The explorer scripts do a good job of capturing the base solaris/machine configuration but you also need to capture the configuration of the primary application. You then need to gather performance data from Solaris and the application.

An example of this is a customer moving to 64 bit oracle who suffers much slower i/o performance, luckily there are some snippets of sar data from before the change that allowed us to spot that the amount of i/o had greatly increased due to changes in the Oracle configuration

prepare for the worst and it won't happen.

Wednesday Jul 13, 2005

two little things.

I use this line in my .kshrc to debug ksh scripts

export PS4="ksh debug \\$LINENO | "

once you run a script with ksh -x or put set -x in it you see output like..
enoexec ksh:  ksh -x utds
ksh debug 33 | ksh debug 33 | uname -s
OS=SunOS
ksh debug 34 | [ SunOS = SunOS ]
ksh debug 36 | PSOPTS=-o ppid,pid,comm
ksh debug 49 | trap echo "$0: Interrupted "; exit 1 INT QUIT
ksh debug 51 | ksh debug 51 | basename utds
USAGE=Usage: utds { start | stop | restart }
ksh debug 54 | UTPRODINFO=/etc/opt/SUNWut/basedir/lib/utprodinfo
ksh debug 55 | [ -x /etc/opt/SUNWut/basedir/lib/utprodinfo ]
ksh debug 57 | ksh debug 57 | /etc/opt/SUNWut/basedir/lib/utprodinfo -p SUNWutdso BASEDIR
ksh debug 57 | 2> /dev/null
BASEDIR=/opt
ksh debug 60 | [ -z /opt ]
ksh debug 64 | PATH=/sbin:/bin:/usr/sbin:/usr/bin:/opt/SUNWut/srds/lib:/opt/SUNWut/srds/sbin
ksh debug 65 | LD_LIBRARY_PATH=/opt/SUNWut/srds/lib:/home/timu/src/malloclib/sparc/libs
ksh debug 66 | export PATH LD_LIBRARY_PATH
ksh debug 67 | UTPUSHD=/opt/SUNWut/srds/lib/utpushd
ksh debug 68 | UTDSD=/opt/SUNWut/srds/lib/utdsd
ksh debug 77 | ExitCode=0
ksh debug 82 | [ ! -f /etc/opt/SUNWut/srds/current/utdsd.run ]
ksh debug 90 | [ -f /etc/opt/SUNWut/srds/current/utdsd.ini ]
ksh debug 92 | . /etc/opt/SUNWut/srds/current/utdsd.ini
utds[92]: /etc/opt/SUNWut/srds/current/utdsd.ini:  not found

with the number after the debug being the line in the script that was being executed..

Thursday Jul 07, 2005

poking at the kernel dispatcher.

I have been drawn into an escalation involving the kernel dispatcher, this is the code that picks and schedules threads onto the available cpu's according to rules in the dispatch tables. It is by far the most complex code in the whole machine and IMHO it is the code that allows Solaris to scale so well.

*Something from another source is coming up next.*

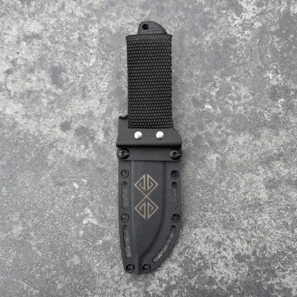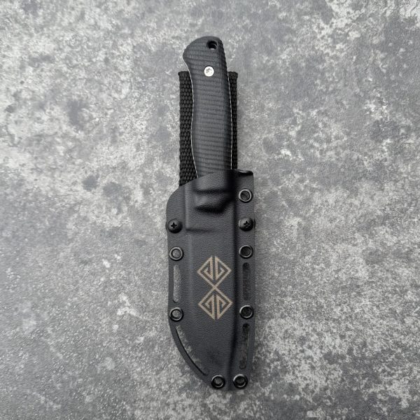 For carrying and storing the knife, a Kydex sheath with a nylon loop is provided, offering flexibility during crouching and other user movements. The sheath has holes that can be used for threading paracord or attaching custom mounting solutions.
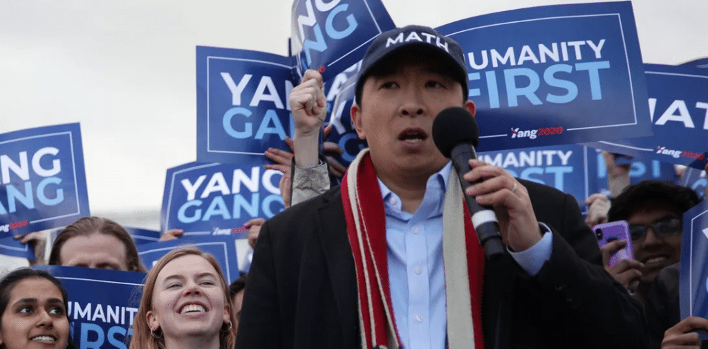 Yang é um empreendedor de sucesso que fundou uma organização chamada Venture for America, uma bolsa empresarial. Ele é autor de um livro chamado “A Guerra contra as Pessoas Normais”, que argumenta em favor de uma renda básica universal de US$ 1.000 por mês para todos os adultos dos EUA. Ele também se opõe à inteligência artificial e à tecnologia de automação.

In this escalation a load of threads including the clock are spinning waiting for another thread to release a dispatcher lock, sadly no one releases it and the machine hangs until the deadman or a cluster heartbeat stops the machine. Dispatcher locks are simple spin locks designed for easy use to protect modifications to the dispatching object when a thread is transitions from sleepq to runq to oncpu. As a thread moves from object to object the thread's t_lockp pointer is moved to point to the lock in the new object.

Now Solaris is quite complex internally especially when you considers doors, these are zero context switch function calls from a thread into another thread. Somewhere in all of the swtch/resume/door code we know that something is switching a thread t's t_lockp from one cpu lock to another cpu lock whilst at the same time ts_update_list() is doing thread_lock(t)/thread_unlock(t) so unlocks a different lock to the one it locked.

My job was made easier by some clever tracing code that a collegue of mine has developed that showed the lock and unlock of different locks, sadly it couldn't spot who manipulated t's t_lockp without having done it's own thread_lock(t) first. Code inspection has us looking at the door code and maybe the interupt pin/unpin code.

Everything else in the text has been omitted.